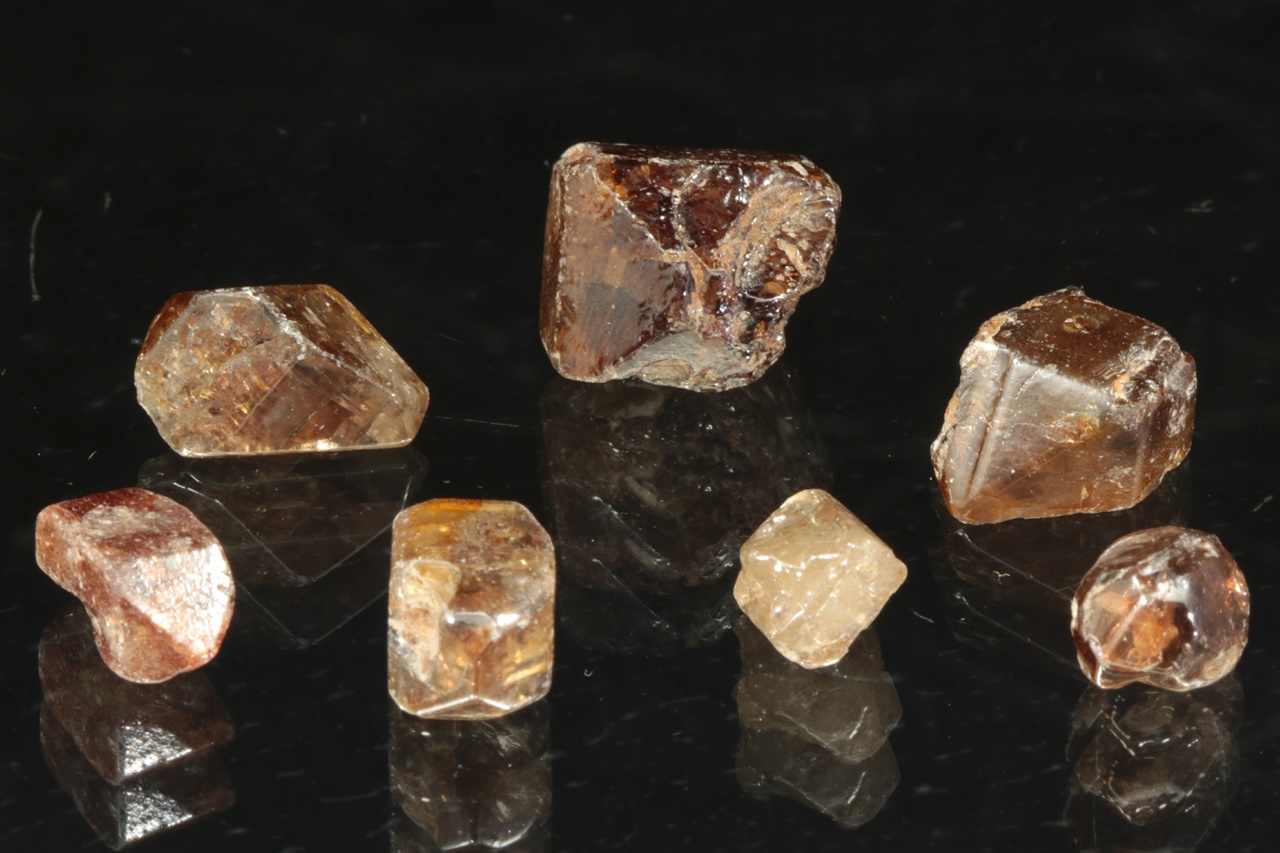 Crystals of honey brown zircon. The largest crystal is 1.5 cm big.
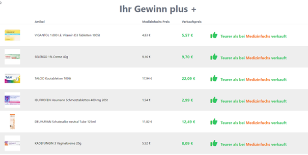 Doch damit noch nicht genug. Dass “billig” nicht immer das Rennen um die Gunst der Kunden macht, zeigt der Produkt-Live-Ticker von Mauve. Er belegt eindrucksvoll, dass im Online-Apothekenhandel der Preis nicht unbedingt die entscheidende Rolle spielt, sondern ganz offensichtlich noch andere Kriterien wie Schnelligkeit/Botendienst und Lieferfähigkeit für den Kauf ausschlaggebend sind. Als Maß der Dinge in Sachen niedriger Preis dient dabei Medizinfuchs. Der Liveticker zeigt, zu welchem Preis über dem Medizinfuchs-Preis Kunden Medikamente im Internet kaufen. Die Beispiele sollten Apotheken Mut machen, Marketing in eigener Sache nicht über den Preis zu betreiben.
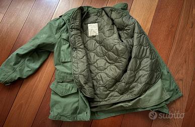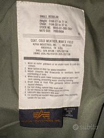 M-65 Heritage Field Jacket di Alpha Industries, cappuccio ripiegabile nel colletto, seconda giacca trapuntata interna per un maggiore isolamento termico, può essere fissata tramite bottoni.
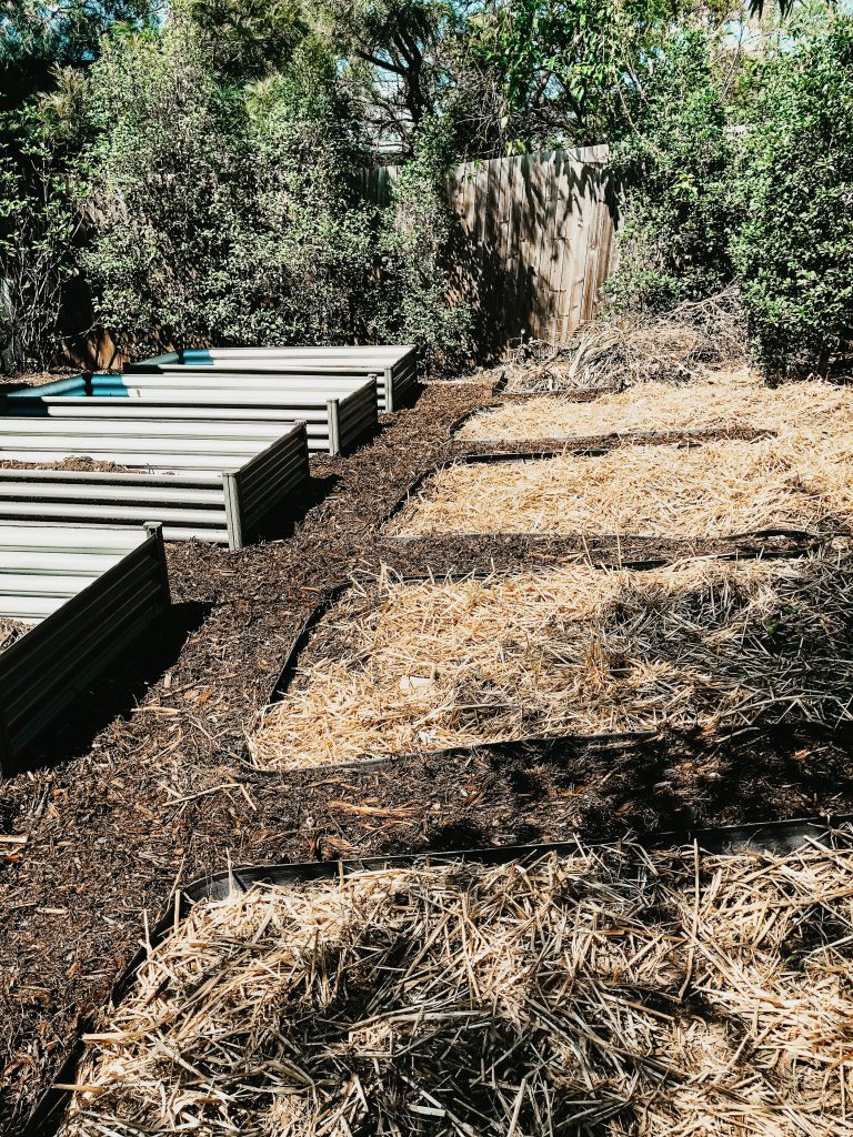 No-dig garden beds will save you time, energy and money and will set your plants up for success. We set out to get rid of every piece of grass we could see! We covered the entire patch with a thick layer of wet cardboard with boxes we collected from friends and family. We marked out where our beds, paths and play areas would be. The paths were cardboard covered with 20cm of forest mulch and the garden beds were layers of leaves and branches, sugar cane mulch, cow and chicken manure, borage and comfrey leaves, compost and rock minerals all watered in well with an organic seaweed solution to promote decomposition and microbial activity. A final layer of wet newspaper went on top of our compost to keep weeds out and a thick layer of sugar can mulch was placed on top.
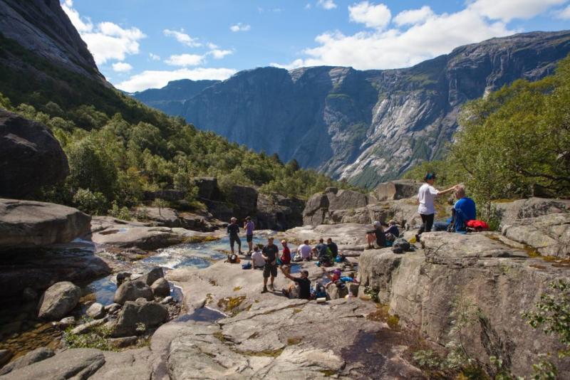 Buraya ulaşmak baya zahmetli bir yolculuk istiyor. Kısaca belirteyim. Bergen ve Flam’a daha yakın bir bölgede. Önce Odda bölgesine geliyorsunuz. Odda-Flam yönünde Odda şehrinden çıkarken ikinci tünel çıkışından sağa dönüyorsunuz ve 6 kilometre kadar yol yapıyorsunuz. Mesele ondan sonra başlıyor. Aracınızı parkettikten sonra 4 ile 6 saat arasında değişen bir tırmanışa geçiyorsunuz. Bu parkurda bitirmeniz gereken yol 10 kilometre.
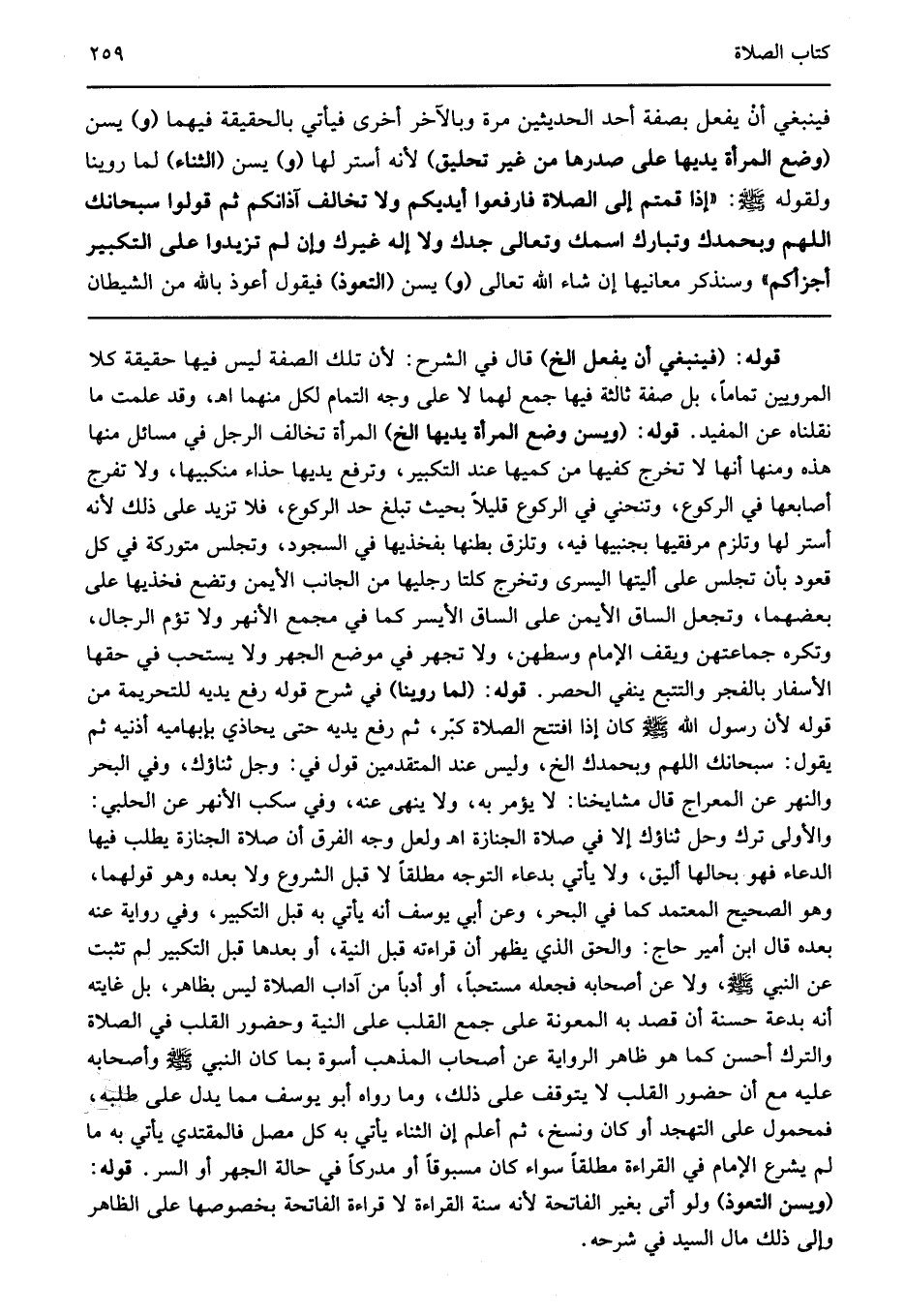 قوله: "فينبغي أن يفعل الخ" قال في الشرح لأن تلك الصفة ليس فيها حقيقة كلا المرويين تماما بل صفة ثالثة فيها جمع لهما لا على وجه التمام لكل منهما اهـ وقد علمت ما نقلناه عن المفيد قوله: "ويسن وضع المرأة يديها الخ" المرأة تخالف الرجل في مسائل منها هذه ومنها أنها لا تخرج كفيها من كميها عند التكبير وترفع يديها حذاء منكبيها ولا تفرج أصابعها في الركوع وتنحني في الركوع قليلا بحيث تبلغ حد الركوع فلا تزيد على ذلك لأنه أستر لها وتلزم مرفقيها بجنبيها فيه وتلزق بطنها بفخذيها في السجود وتجلس متوركة في كل قعود بأن تجلس على أليتها اليسرى وتخرج كلتا رجليها من الجانب الأيمن وتضع فخذيها على بعضهما وتجعل الساق الأيمن على الساق الأيسر كما في مجمع الأنهر ولا تؤم الرجال وتكره جماعتهن ويقف الإمام وسطهن ولا تجهر في موضع الجهر ولا يستحب في حقها الأسفار بالفجر والتتبع ينفي الحصر قوله: "لما روينا" في شرح قوله رفع يديه للتحريمة من قوله لأن رسول الله صلى الله عليه وسلم كان إذا افتتح الصلاة كبر ثم رفع يديه حتى يحاذي بإبهاميه أذنيه ثم يقول سبحانك اللهم وبحمدك الخ وليس عند المتقدمين قول في وجل ثناؤك وفي البحر والنهر عن المعراج قال مشايخنا لا يؤمر به ولا ينهي عنه وفي سكب الأنهر عن الحلبي والأولى ترك وحل ثناؤك إلا في صلاة الجنازة اهـ ولعل وجه الفرق أن صلاة الجنازة يطلب فيها الدعاء فهو بحالها أليق ولا يأتي بدعاء التوجه مطلقا لا قبل الشروع ولا بعده وهو قولهما وهو الصحيح المعتمد كما في البحر وعن أبي يوسف أنه يأتي به قبل التكبير وفي رواية عنه بعده قال ابن أمير حاج والحق الذي يظهر أن قراءته قبل النية أو بعدها قبل التكبير لم تثبت عن النبي صلى الله عليه وسلم ولا عن أصحابه فجعله مستحبا أو أدبا من آداب الصلاة ليس بظاهر بل غايته أنه بدعة حسنة أن قصد به المعونة على جمع القلب على النية وحضور القلب في الصلاة والترك أحسن كما هو ظاهر الرواية عن أصحاب المذهب أسوة بما كان النبي صلى الله عليه وسلم وأصحابه عليه مع أن حضور القلب لا يتوقف على ذلك وما رواه أبو يوسف مما يدل على طلبه فمحمول على التهجد أو كان ونسخ ثم أعلم إن الثناء يأتي به كل مصل فالمفتدي يأتي به ما لم يشرع الإمام في القراءة مطلقا سواء كان مسبوقا أو مدركا في حالة الجهر أو السر قوله: "ويسن التعوذ" ولو أتى بغير الفاتحة لأنه سنة القراءة لا قراءة الفاتحة بخصوصها على الظاهر وإلى ذلك مال السيد في شرحه.

» **PROBLEM TO WORK ON**: Copy the lines above exactly, starting at the one with "M-65 Heritage Field" and ending at the one with "Buraya ulaşmak baya", both included. Leave out any pictures and add nothing else.

» **EXPECTED ANSWER**:
 M-65 Heritage Field Jacket di Alpha Industries, cappuccio ripiegabile nel colletto, seconda giacca trapuntata interna per un maggiore isolamento termico, può essere fissata tramite bottoni.
 No-dig garden beds will save you time, energy and money and will set your plants up for success. We set out to get rid of every piece of grass we could see! We covered the entire patch with a thick layer of wet cardboard with boxes we collected from friends and family. We marked out where our beds, paths and play areas would be. The paths were cardboard covered with 20cm of forest mulch and the garden beds were layers of leaves and branches, sugar cane mulch, cow and chicken manure, borage and comfrey leaves, compost and rock minerals all watered in well with an organic seaweed solution to promote decomposition and microbial activity. A final layer of wet newspaper went on top of our compost to keep weeds out and a thick layer of sugar can mulch was placed on top.
 Buraya ulaşmak baya zahmetli bir yolculuk istiyor. Kısaca belirteyim. Bergen ve Flam’a daha yakın bir bölgede. Önce Odda bölgesine geliyorsunuz. Odda-Flam yönünde Odda şehrinden çıkarken ikinci tünel çıkışından sağa dönüyorsunuz ve 6 kilometre kadar yol yapıyorsunuz. Mesele ondan sonra başlıyor. Aracınızı parkettikten sonra 4 ile 6 saat arasında değişen bir tırmanışa geçiyorsunuz. Bu parkurda bitirmeniz gereken yol 10 kilometre.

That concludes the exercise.